As with any European destination, spring and summer are always the most popular time to visit. Especially Porto as it continues to get more and more popular each year. (I think people are just as tired of Lisbon as I am)
Spring and summer in Porto offer a delightful blend of mild weather and vibrant festivities. Spring (March-May) brings pleasant temperatures (50-70°F / 10-21°C) with occasional showers while the traditional summer months (June-August) see warmer temperatures (70-80°F / 21-27°C) and increased sunshine.
While it can get crowded, the city comes alive with outdoor events and festivals. Be mindful of the São João festival which usually takes place in late June, a lively and sometimes chaotic celebration with street parties and bonfires. You also don’t want to get caught in Queim das Fitas which is a festival filled with students from the neighboring universities.
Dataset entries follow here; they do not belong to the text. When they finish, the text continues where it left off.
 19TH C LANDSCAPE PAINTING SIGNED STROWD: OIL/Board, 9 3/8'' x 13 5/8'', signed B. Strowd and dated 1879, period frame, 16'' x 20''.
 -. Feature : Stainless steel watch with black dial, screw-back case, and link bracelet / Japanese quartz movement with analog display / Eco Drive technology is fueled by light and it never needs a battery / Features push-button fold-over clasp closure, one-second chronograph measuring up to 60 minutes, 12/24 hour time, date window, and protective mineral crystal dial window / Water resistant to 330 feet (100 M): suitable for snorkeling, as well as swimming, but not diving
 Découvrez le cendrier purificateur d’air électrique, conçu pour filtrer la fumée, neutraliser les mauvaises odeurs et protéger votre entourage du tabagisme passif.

I’m always a fan of visiting Europe during “shoulder season” as it tends to be a lot quieter, calmer, and more cost-effective. Spending a fall or winter in Porto is lovely because it offers the same experience, but with a more intimate atmosphere.
Similar to spring, you’ll see mild temps (60-70°F / 15-21°C) in fall while winter brings a little bit more of the chilly weather (45-55°F / 7-13°C) with occasional rain and fog.
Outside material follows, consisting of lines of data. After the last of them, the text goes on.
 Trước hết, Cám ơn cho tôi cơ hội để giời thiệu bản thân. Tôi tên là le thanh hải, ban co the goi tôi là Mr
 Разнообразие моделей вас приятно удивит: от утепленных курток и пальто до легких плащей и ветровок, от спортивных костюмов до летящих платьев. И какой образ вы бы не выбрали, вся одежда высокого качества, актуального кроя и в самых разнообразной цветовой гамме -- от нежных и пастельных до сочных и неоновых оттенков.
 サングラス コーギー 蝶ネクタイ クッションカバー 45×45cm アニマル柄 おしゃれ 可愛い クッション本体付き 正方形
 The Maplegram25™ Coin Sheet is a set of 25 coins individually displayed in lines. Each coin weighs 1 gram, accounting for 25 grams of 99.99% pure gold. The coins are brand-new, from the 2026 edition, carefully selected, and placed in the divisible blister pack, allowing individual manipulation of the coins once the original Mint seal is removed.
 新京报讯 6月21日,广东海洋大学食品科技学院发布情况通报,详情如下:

Although beach days might not be ideal, you can still experience the city’s magic and enjoy nearly all the activities available year-round. That’s what makes Porto such a wonderful place to visit.
Woooo! You’ve made it to my favorite part of any blog post that I write and it’s the boutique hotels section. There are SO MANY adorable properties in Porto and most of them are independently owned which I love.
I’m rarely a hotel chain girlie unless of course it’s comped or I’ve paid for it with points. But Porto was actually one of the first places I ever visited since starting this travel blog so I basically paid for every single thing out of pocket. Which I still do most days but I remember feeling like I really splurged during this trip haha.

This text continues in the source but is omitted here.